I'd like the entire listing output verbatim, apart from the pictures.

====== Collected material ======

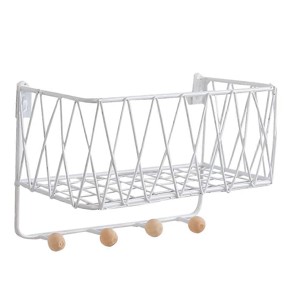 1pc Wall-mounted Storage Rack with Hooks Iron Hollow Ledge Shelf for Home Bedroom Living Room - Size S (White)
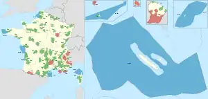 Franske nationalparker (røde), regionale parker (grønt) og marine parker (blå).
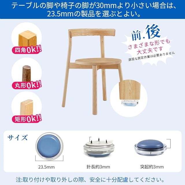 サイズ選び不要・木製脚にどんな形状でも取り付け可能:この椅子脚カバーは、コインサイズ以上の木製椅子脚であれば、形状に関係なく取り付け可能です。四角型、丸型、長方形などはもちろん、前後の足の形状が違うデザインの椅子にも対応可能です。めんどうな採寸作業は不要です。※ご注意:木製脚専用です(金属・斜め脚・点接点脚は非対応)。安全な取り外しのため、説明書の手順をご確認ください。

======

§ Expected answer:
 1pc Wall-mounted Storage Rack with Hooks Iron Hollow Ledge Shelf for Home Bedroom Living Room - Size S (White)
 Franske nationalparker (røde), regionale parker (grønt) og marine parker (blå).
 サイズ選び不要・木製脚にどんな形状でも取り付け可能:この椅子脚カバーは、コインサイズ以上の木製椅子脚であれば、形状に関係なく取り付け可能です。四角型、丸型、長方形などはもちろん、前後の足の形状が違うデザインの椅子にも対応可能です。めんどうな採寸作業は不要です。※ご注意:木製脚専用です(金属・斜め脚・点接点脚は非対応)。安全な取り外しのため、説明書の手順をご確認ください。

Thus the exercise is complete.